§ EXERCISE DETAILS:
Starting at the line that contains "With the power", copy every line to the end of the material below exactly, and omit the pictures.

§ STORED DATA:
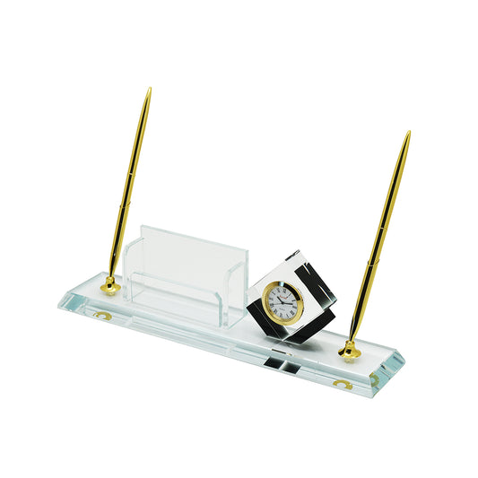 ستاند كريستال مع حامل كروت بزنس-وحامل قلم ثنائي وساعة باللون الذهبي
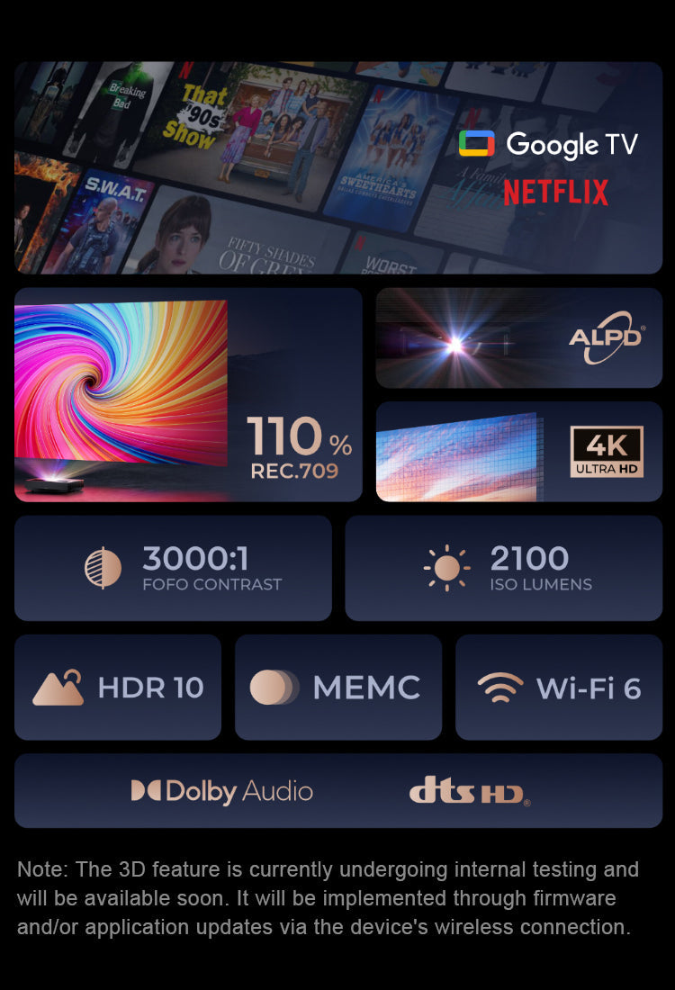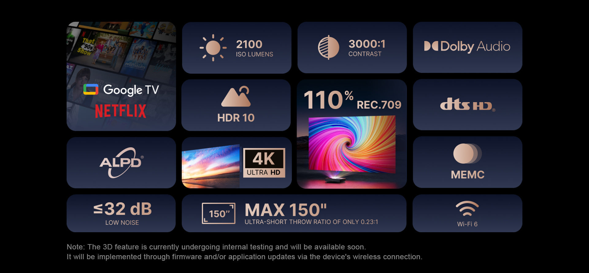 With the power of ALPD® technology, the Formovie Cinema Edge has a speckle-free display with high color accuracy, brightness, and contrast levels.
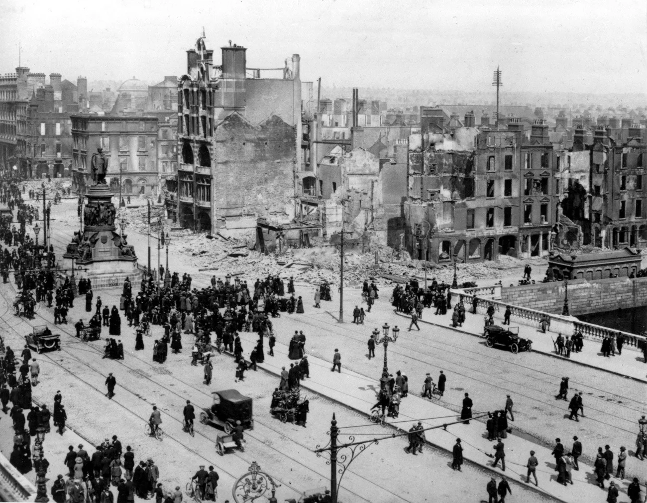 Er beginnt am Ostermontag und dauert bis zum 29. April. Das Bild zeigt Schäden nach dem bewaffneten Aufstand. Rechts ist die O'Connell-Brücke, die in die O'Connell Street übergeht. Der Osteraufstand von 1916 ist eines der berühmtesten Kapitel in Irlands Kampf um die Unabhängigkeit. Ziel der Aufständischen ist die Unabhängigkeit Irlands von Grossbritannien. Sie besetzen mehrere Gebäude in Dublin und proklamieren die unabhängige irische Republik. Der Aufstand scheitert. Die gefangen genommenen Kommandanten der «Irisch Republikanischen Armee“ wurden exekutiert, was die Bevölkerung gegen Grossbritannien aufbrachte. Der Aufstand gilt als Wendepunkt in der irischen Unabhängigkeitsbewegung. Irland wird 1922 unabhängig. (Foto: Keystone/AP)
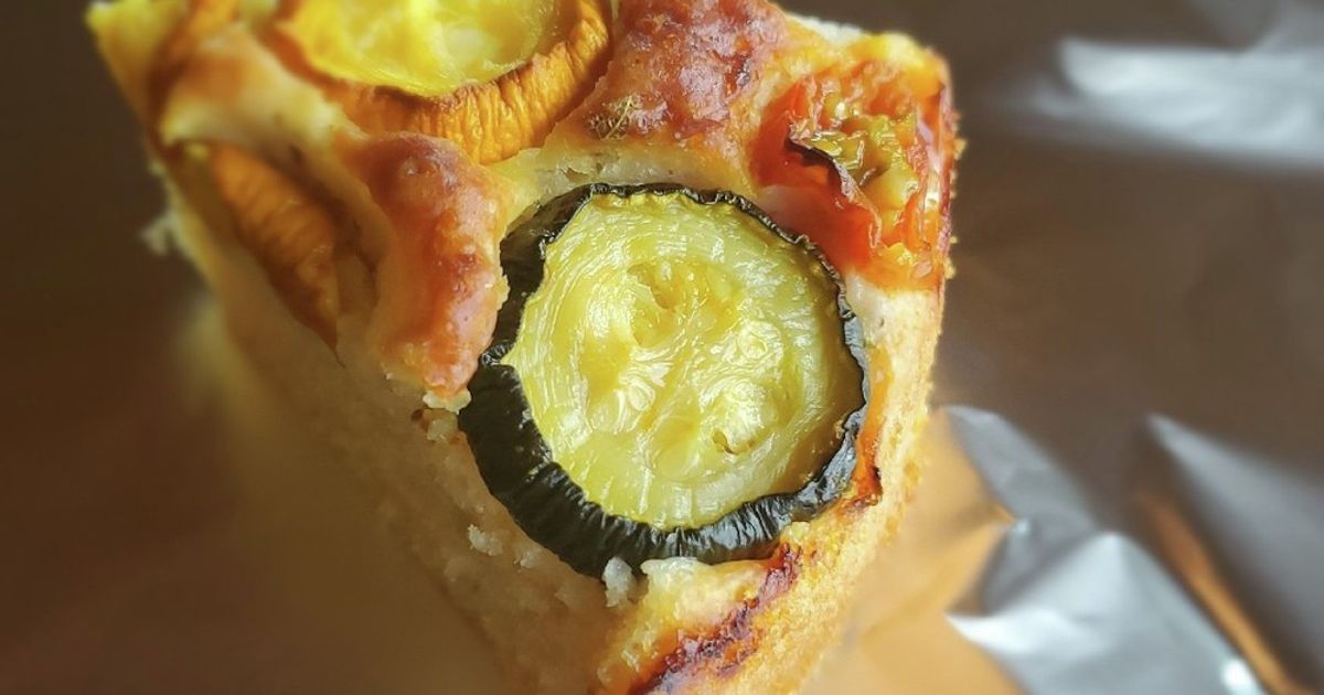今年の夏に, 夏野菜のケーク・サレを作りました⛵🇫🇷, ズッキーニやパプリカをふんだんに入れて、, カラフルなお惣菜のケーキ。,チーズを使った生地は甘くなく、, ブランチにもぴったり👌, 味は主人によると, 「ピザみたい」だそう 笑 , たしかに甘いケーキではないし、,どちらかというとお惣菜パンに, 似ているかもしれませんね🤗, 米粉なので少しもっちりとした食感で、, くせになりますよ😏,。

§ YOUR SOLUTION:
 With the power of ALPD® technology, the Formovie Cinema Edge has a speckle-free display with high color accuracy, brightness, and contrast levels.
 Er beginnt am Ostermontag und dauert bis zum 29. April. Das Bild zeigt Schäden nach dem bewaffneten Aufstand. Rechts ist die O'Connell-Brücke, die in die O'Connell Street übergeht. Der Osteraufstand von 1916 ist eines der berühmtesten Kapitel in Irlands Kampf um die Unabhängigkeit. Ziel der Aufständischen ist die Unabhängigkeit Irlands von Grossbritannien. Sie besetzen mehrere Gebäude in Dublin und proklamieren die unabhängige irische Republik. Der Aufstand scheitert. Die gefangen genommenen Kommandanten der «Irisch Republikanischen Armee“ wurden exekutiert, was die Bevölkerung gegen Grossbritannien aufbrachte. Der Aufstand gilt als Wendepunkt in der irischen Unabhängigkeitsbewegung. Irland wird 1922 unabhängig. (Foto: Keystone/AP)
今年の夏に, 夏野菜のケーク・サレを作りました⛵🇫🇷, ズッキーニやパプリカをふんだんに入れて、, カラフルなお惣菜のケーキ。,チーズを使った生地は甘くなく、, ブランチにもぴったり👌, 味は主人によると, 「ピザみたい」だそう 笑 , たしかに甘いケーキではないし、,どちらかというとお惣菜パンに, 似ているかもしれませんね🤗, 米粉なので少しもっちりとした食感で、, くせになりますよ😏,。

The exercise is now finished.